The build script uses panics to communicate build errors. By default in `build.rs` these are missing line numbers - to get line numbers do

```
CARGO_PROFILE_DEV_BUILD_OVERRIDE_DEBUG=true RUST_BACKTRACE=1 cargo build
```

- **Mismatched types**

When specifying constants using `quote!` using a variable, like `quote!(#i)`, `quote!` appends the literal type suffix. You may need to cast to the right number type before passing it to `quote!` to match the data type of whatever data it's being used with.

It may be possible to make this more type safe in a future update.
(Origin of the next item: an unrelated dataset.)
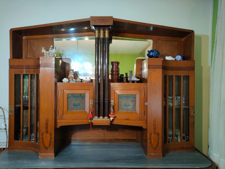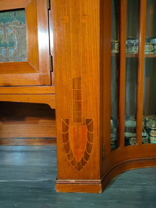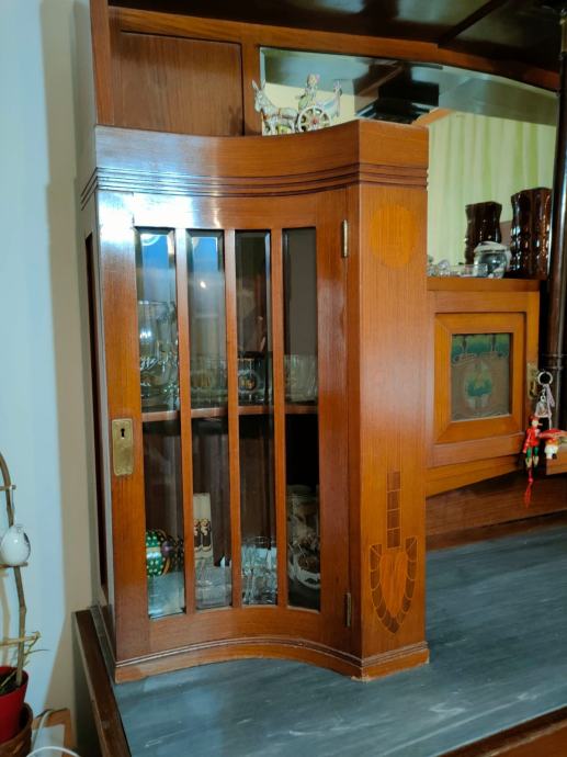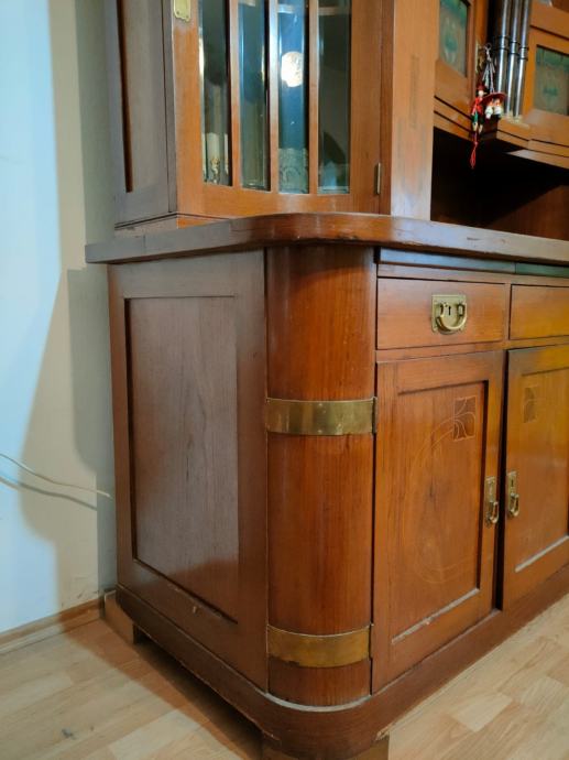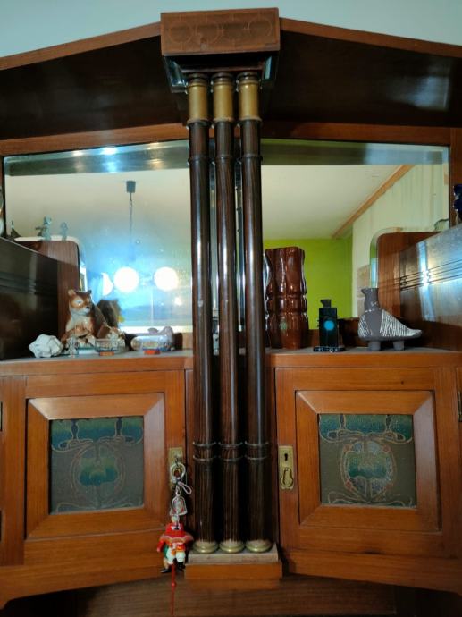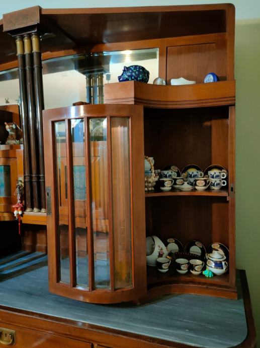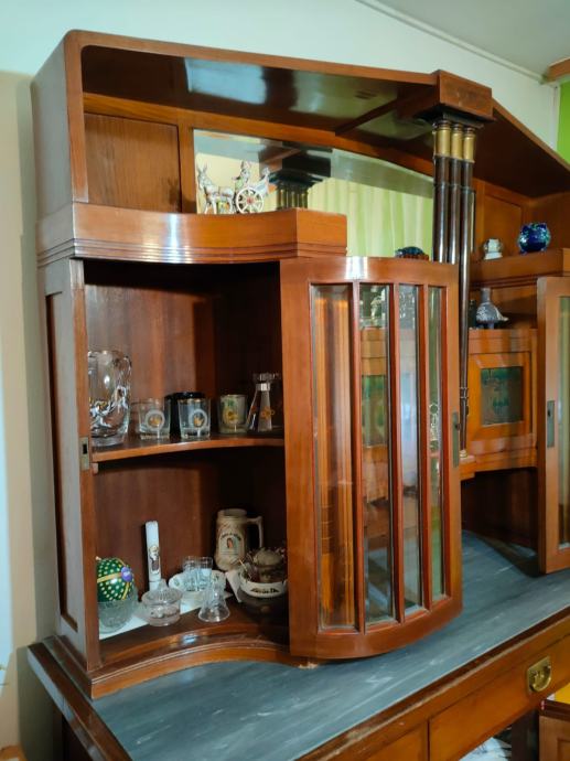 Komoda se sastoji od dva dijela. Donjeg dijela sa ladicama dimenzija D195cm*V89cm*Š68cm te gornjeg dijela sa vitrinom i policama te kristalnim ogledalom dimenzija D187cm*V129cm*Š42cm te ploča za pisanje dimenzija D80cmŠ45cm.

# Design and implementation

De/serialization is done as a dependency graph traversal - all dependencies are walked before any dependents.

For serialization, the root of the graph is the file/socket/whatever - it depends on each serial segment, which depends on individual data serializations from fields. Later segments depend on earlier segments, so the earlier segments get written first.
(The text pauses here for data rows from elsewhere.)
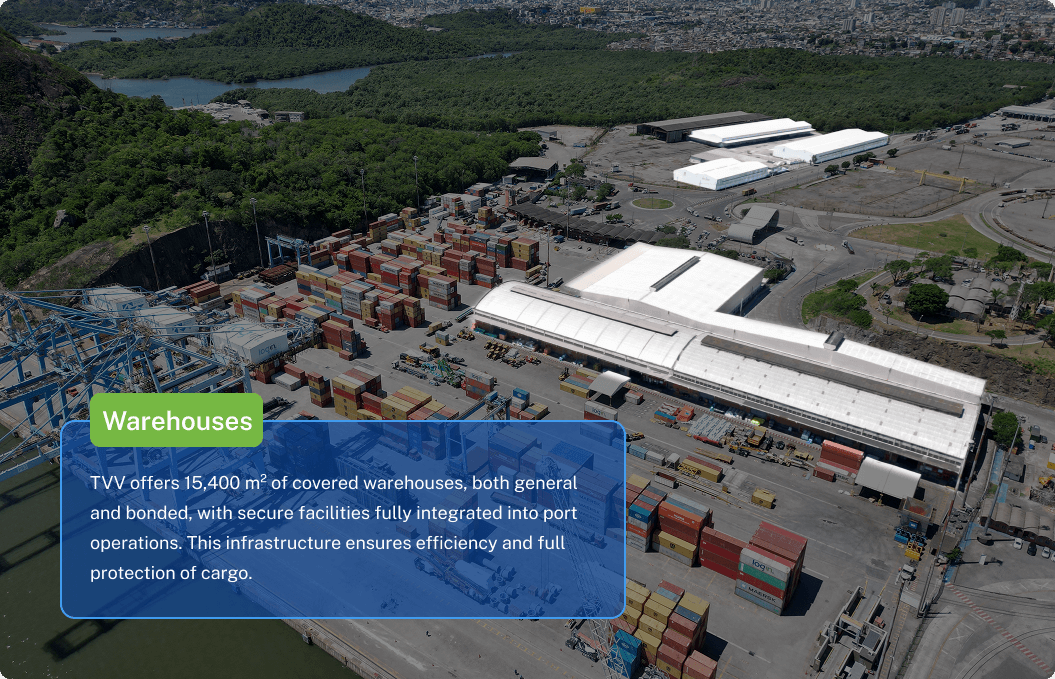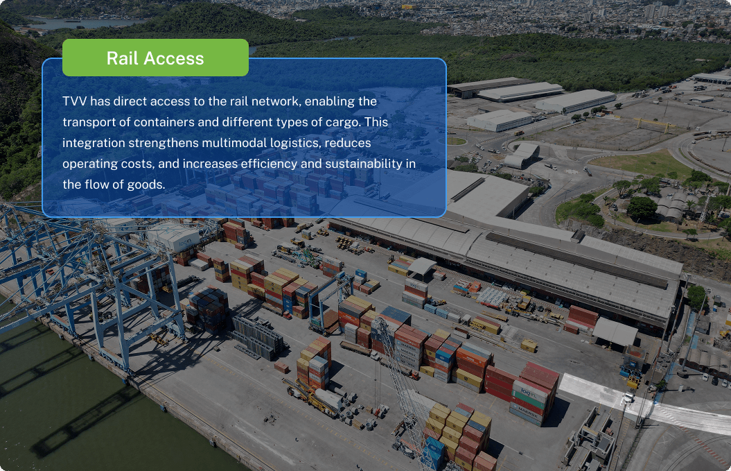 TVV provides solutions for sectors such as agribusiness, automotive, consumer goods, hazardous cargo (IMO), steel, mining, offshore, fertilizers, bulk commodities, stone, and more. It handles a wide variety of cargo — containerized, general, OOG, reefer, etc.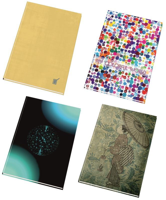 Záznamní knihy s tuhými laminovanými deskami a kvalitní šitou vazbou. Různý design laminovaných desek, viz obrázek.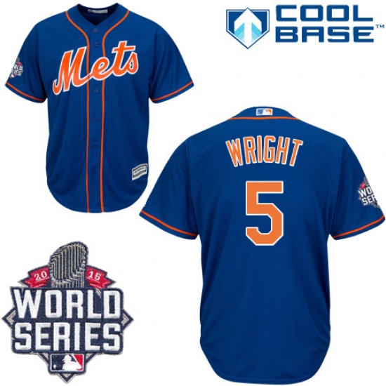 Men's Majestic New York Mets #5 David Wright Replica Royal Blue Alternate Home Cool Base 2015 World Series MLB Jersey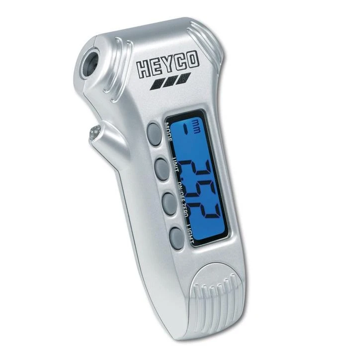 ابزار فوق محصولی بی نظیر از شرکت هیکو آلمان می باشد که مناسب مکانیک ها و کسانی است که به لاستیک های خودرو خود اهمیت می دهند . این گیج با عملکرد سه گانه خود سبب شده است تا خیالتان از سلامت و امنیت لاستیک های خودروتان راحت شود . با استفاده از این ابزار می توانید فشار باد لاستیک را در چهار واحد بار ، Psi ، Kpa و Kg/cm2 اندازه بگیرید که حداکثر این مقدار در واحد Psi عدد 100 و در واحد بار ، 7 می باشد و دقت آن نیز 1 درصد می باشد . یکی دیگر از قابلیت های ویژه این ابزار امکان اندازه گیری عمق عاج لاستیک می باشد که یکی از فاکتورهای مهم در سلامت لاستیک های خودرو می باشد . با استفاده از دسته ای که در پشت گیج تعبیه شده است می توانید زبانه اندازه گیری عاج را تنظیم کنید تا عدد دقیق بدست آید که در دو واحد میلی متر و اینچ و تا عمق حداکثر 22 میلی متر قابل انجام است . در کنار دستکاه و همچنین روی صفحه ال سی دی چراغی آبی رنگ تعبیه شده تا در شب بتوانید از آن ها استفاده نمایید و خللی در کار ایجاد نشود .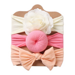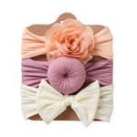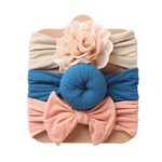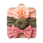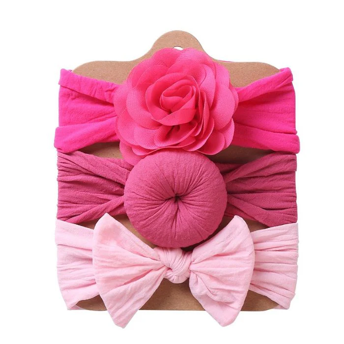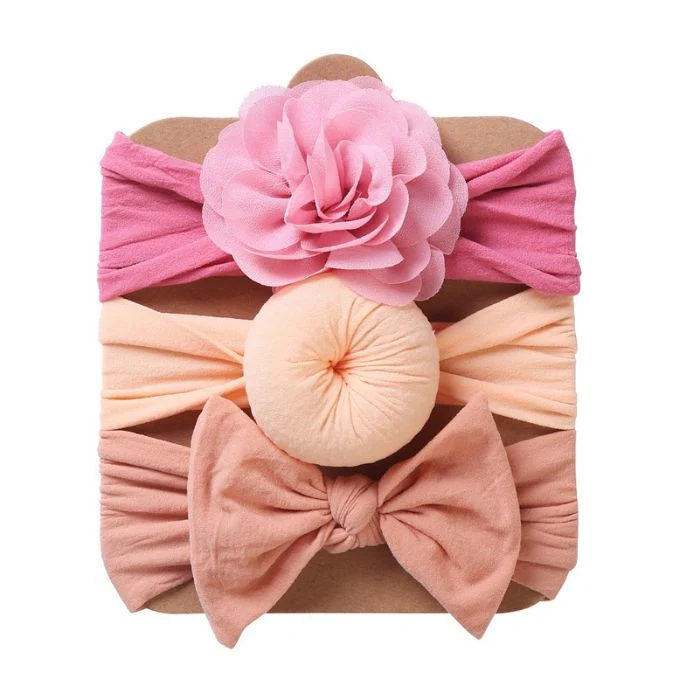 The Audrey Headband Set is for baby girls aged 0-12 months old (depending on baby’s head circumference). One set includes 3 headbands of different colors and styles: 1 donut style, 1 flower style and 1 bow style.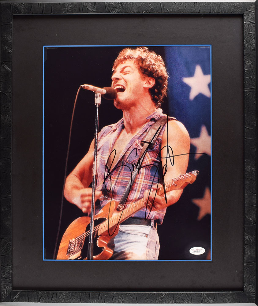 Color glossy 10.75 x 13.75 photo of Bruce Springsteen singing and playing guitar during an intense live performance, signed prominently in black felt tip. Matted and framed to an overall size of 17 x 20. In fine condition, with a JSA label affixed to lower right corner. Accompanied by full letters of authenticity from JSA and REAL.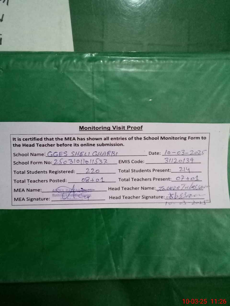 | Attendance Register | Head Teacher | MEA with School | Visit Proof |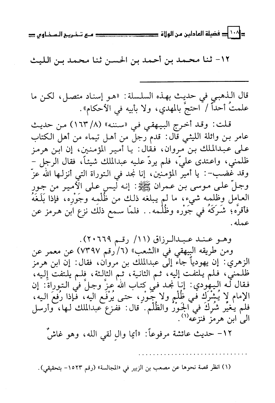 12 - ثنا مُحَمَّدُ بْنُ أَحْمَدَ بْنِ الْحَسَنِ، ثنا مُحَمَّدُ بْنُ اللَّيْثِ -[109]- الْجَوْهَرِيُّ، ثنا شُعَيْبُ بْنُ سَلَمَةَ، ثنا عِصْمَةُ بْنُ مُحَمَّدٍ، ثنا مُوسَى بْنُ عُقْبَةَ، عَنِ الْقَاسِمِ بْنِ مُحَمَّدٍ، عَنْ عَائِشَةَ، قَالَتْ: سَمِعْتُ رَسُولَ اللَّهِ صَلَّى اللهُ عَلَيْهِ وَسَلَّمَ يَقُولُ: §«أَيُّمَا وَالٍ لَقِيَ اللَّهَ وَهُوَ غَاشٌّ لِرَعِيَّتِهِ حَرَّمَ اللَّهُ عَلَيْهِ أَنْ يَدْخُلَ الْجَنَّةَ» قَالَ أَبُو نُعَيْمٍ: وَتَقْرِيرُ الْجَاهِلِينَ وَالْجَائِرِينَ فِي تَوْلِيَتِهِمْ بَعْدَ الْوُقُوفِ عَلَيْهِمْ أَعْظَمُ الْغِشِّ، وَالْوَالِي إِذَا أَنْصَفَ الضَّعِيفَ مِنَ الْقَوِيِّ رَافَقَ النَّبِيِّينَ فِي أَعْلَى عِلِّيِّينَ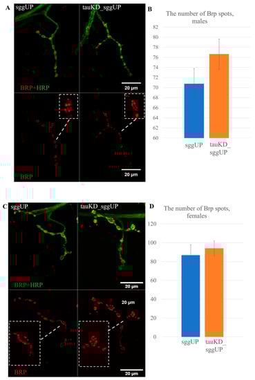 Activation of the transgene that decreases the expression of the tau gene does not affect the number of Brp spots in synaptic contacts reduced by the activation of the transgene that increases the expression of the RB transcript of the shaggy gene. (A,B)—Immunostaining and the mean number of Brp spots in males. (C,D)—Immunostaining and the mean number of Brp spots in females. A detailed description of the genotypes is given in the Materials and Methods section.

For deserialization, the root of the graph is the root rust type, like a rust struct - the root depends on each field to be read, which depends on data transformations, which depend on segments being read. Again, like for serialization, each serial segment depends on the previous segment so that segment is read before the next.

## Nesting

Nested objects, like arrays and enums, are treated as single nodes with their own graphs internally. I feel like it should be possible to unify this in a single graph but I haven't come up with a way to do it yet.

## Writing and memory use

Right now, each node allocates memory for its output when writing. I would like to write directly to the output stream without allocating extra buffers, but at the moment that would make the following scenario difficult. Consider the graph:

- Serial enum tag
- Serial `X`
- Serial `Y`
- Serial enum
- Variant
- Serial integer `Z`
- Custom node, uses `Z` and `X`

The custom node does some complex processing during transformation.
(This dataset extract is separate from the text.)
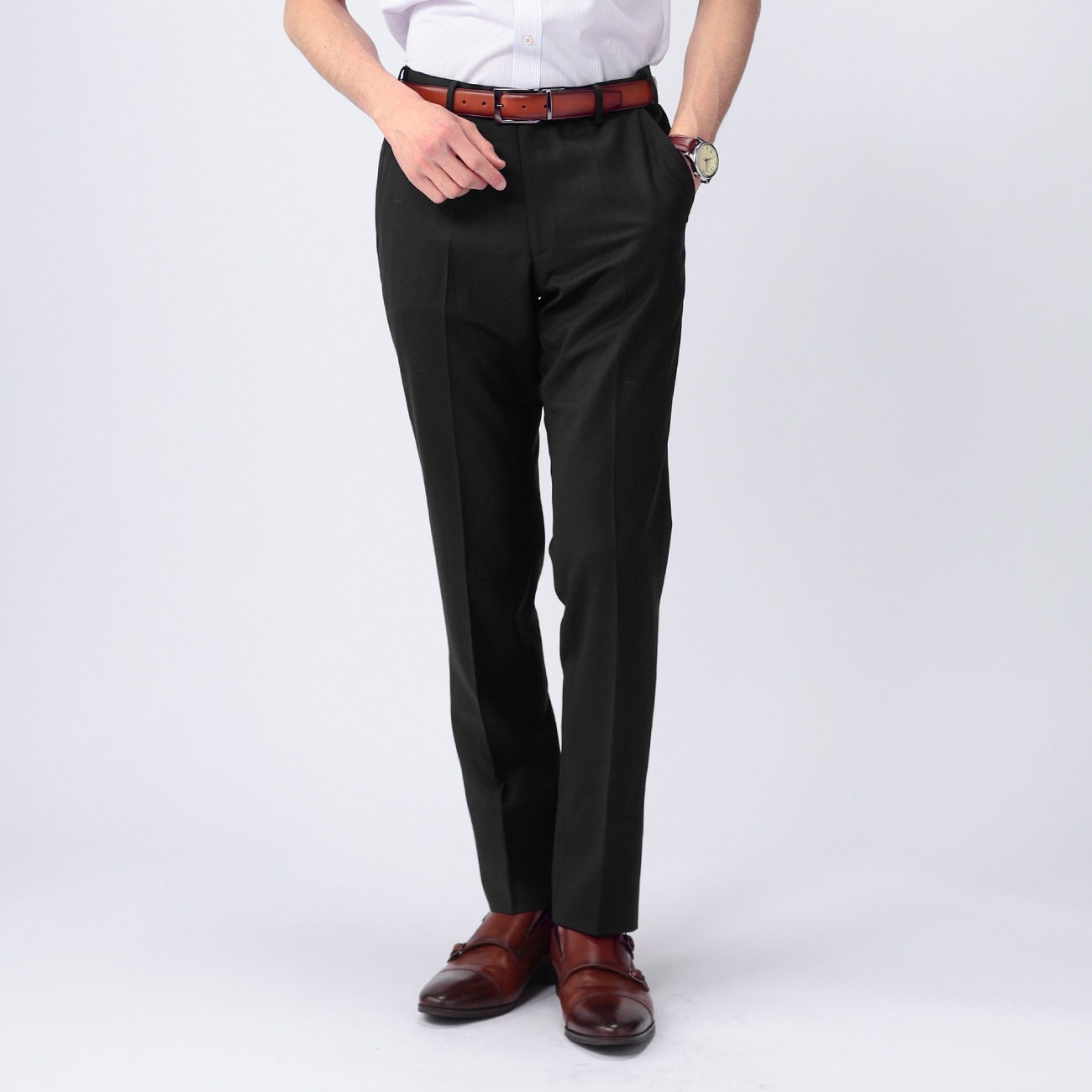 毎年人気な魔法のウエスト快適パンツ・セットアップ着用も可能ウエスト両脇がゴムになっており、左右約5cmずつ、計約10cm伸びるため、かがんだりする動作や着心地が楽です。座った時のおなか周りの窮屈感を低減し快適です。ウエスト部分(パイピング)に消臭繊維を使用しています。--------------------▼セットアップジャケット黒:品番G221K577 別売り--------------------▼仕様・テーパードノータック(細め)・股上浅めのローライズパンツのため、ウエストサイズは+2cmで仕上がっています。※ウエストサイズ73cmの場合、実際は75cmの仕上がりサイズとなっています。詳しくはサイズスペックをご確認ください。▼機能〇 洗える(洗濯機洗浄可)〇 ストレッチ〇 ノンアイロン〇 魔法のウエスト--------------------※こちらは裾のお直しが必要な商品です。ミシンでの補正をご希望の場合は「お直しの選択」ボタンよりお選びください。またお急ぎの場合はアイロンで裾上げができる、裾上げテープもご用意しております。
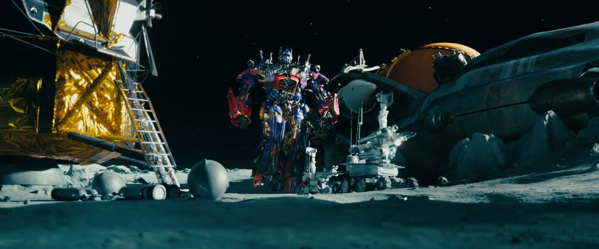 The Ark, piloted by Sentinel Prime, crash-lands on the Moon

During serialization, the variant node produces three outputs: the enum tag, the enum, and `X`. `Y` needs to be written between `X` and the enum, so there are two options:

1. Serialize to variables, then write the variables in order
2. Descend into the enum multiple times

2 would allow direct writing to the stream with no temporary buffers, but both `X` and `Z` depend on the custom node, so each descent would need to redo the custom node's transformations, or else somehow per-variant temporary values would need to be stored between descents into the enum.

It may be possible to do that, but it would be significantly more complicated and I don't think the memory use is excessive at the moment.